**Exercise details:** Exclude every picture and return the remaining entries below verbatim.

**Provided data:**
==*==

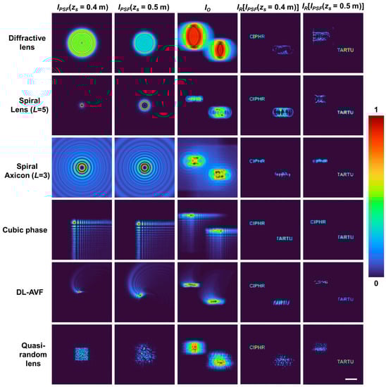 The simulation study of a two-plane object consisting of two test objects with letters “CIPHR” and “TARTU” with zs = 0.4 m and 0.5 m, respectively, is presented next. The images of the IPSFs for zs = 0.4 m and 0.5 m, the object intensity pattern IO obtained by convolution of object “CIPHR” with IPSF (zs = 0.4 m) and convolution of “TARTU” with IPSF (zs = 0.5 m) followed by a summation and the reconstructions IR corresponding to the two planes using LR2A for a diffractive lens, spiral lens (L = 5), spiral axicon (L = 3), cubic phase mask, DL-AVF, and quasi-random lens are shown in Figure 4. As seen from the results in Figure 4, the cases of the diffractive lens and quasi-random lens appear similar with respect to the axial behavior, i.e., when a particular plane information is reconstructed, only that plane information is focused and enhanced, while the other plane information is blurred and weak. However, for the elements such as the spiral lens and spiral axicon, the other plane information consists of “hot spots”, which are prominent and sometimes even stronger than the information in the reconstructed plane. This is due to the fact that there is similarity between the two IPSFs. This is one of the pitfalls of using such deterministic optical fields. The problem with such hotspots is that it is not possible to discriminate if the hotspot corresponds to any useful information related to the object or blurring due to a different plane if the object is not known prior.
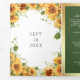 Incêndio aos seus convidados com este elegante tudo em um convite de casamento com lindos girassóis e tipografia moderna com placa RSVP online. Basta adicionar os detalhes do seu evento neste modelo fácil de usar e adorar este cartão com as suas fotografias favoritas para o tornar um convite único.
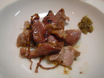 砂肝のしょうが炒め・柚子こしょう添え。
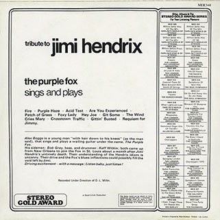 Album Title (titre de l'album): | TRIBUTE TO JIMI HENDRIX The PURPLE FOX SINGS AND PLAYS | ||
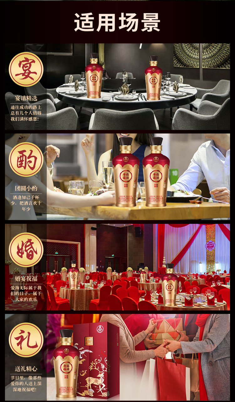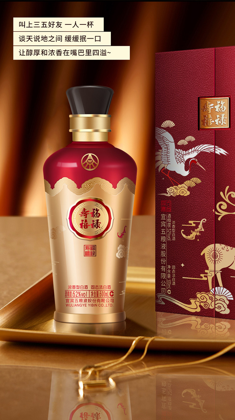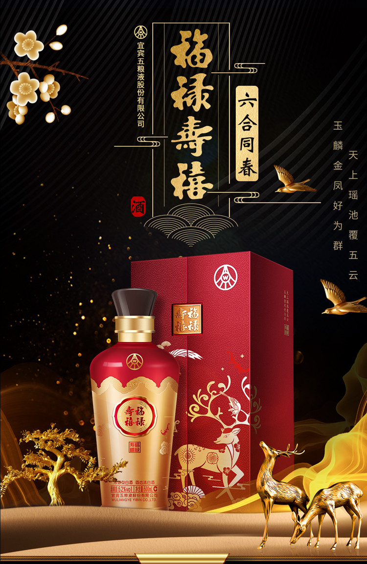 股份福禄寿禧 六合同春 浓香型白酒 52度 500ml*2瓶
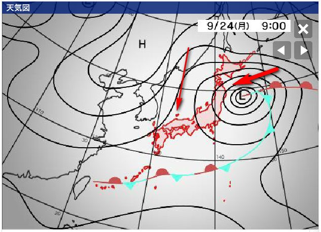 全国的に北~北東の風が吹く気圧配置で今日よりは入ってきそうな感じ・・!?

==*==

**Task answer:**
 The simulation study of a two-plane object consisting of two test objects with letters “CIPHR” and “TARTU” with zs = 0.4 m and 0.5 m, respectively, is presented next. The images of the IPSFs for zs = 0.4 m and 0.5 m, the object intensity pattern IO obtained by convolution of object “CIPHR” with IPSF (zs = 0.4 m) and convolution of “TARTU” with IPSF (zs = 0.5 m) followed by a summation and the reconstructions IR corresponding to the two planes using LR2A for a diffractive lens, spiral lens (L = 5), spiral axicon (L = 3), cubic phase mask, DL-AVF, and quasi-random lens are shown in Figure 4. As seen from the results in Figure 4, the cases of the diffractive lens and quasi-random lens appear similar with respect to the axial behavior, i.e., when a particular plane information is reconstructed, only that plane information is focused and enhanced, while the other plane information is blurred and weak. However, for the elements such as the spiral lens and spiral axicon, the other plane information consists of “hot spots”, which are prominent and sometimes even stronger than the information in the reconstructed plane. This is due to the fact that there is similarity between the two IPSFs. This is one of the pitfalls of using such deterministic optical fields. The problem with such hotspots is that it is not possible to discriminate if the hotspot corresponds to any useful information related to the object or blurring due to a different plane if the object is not known prior.
 Incêndio aos seus convidados com este elegante tudo em um convite de casamento com lindos girassóis e tipografia moderna com placa RSVP online. Basta adicionar os detalhes do seu evento neste modelo fácil de usar e adorar este cartão com as suas fotografias favoritas para o tornar um convite único.
 砂肝のしょうが炒め・柚子こしょう添え。
 Album Title (titre de l'album): | TRIBUTE TO JIMI HENDRIX The PURPLE FOX SINGS AND PLAYS | ||
 股份福禄寿禧 六合同春 浓香型白酒 52度 500ml*2瓶
 全国的に北~北東の風が吹く気圧配置で今日よりは入ってきそうな感じ・・!?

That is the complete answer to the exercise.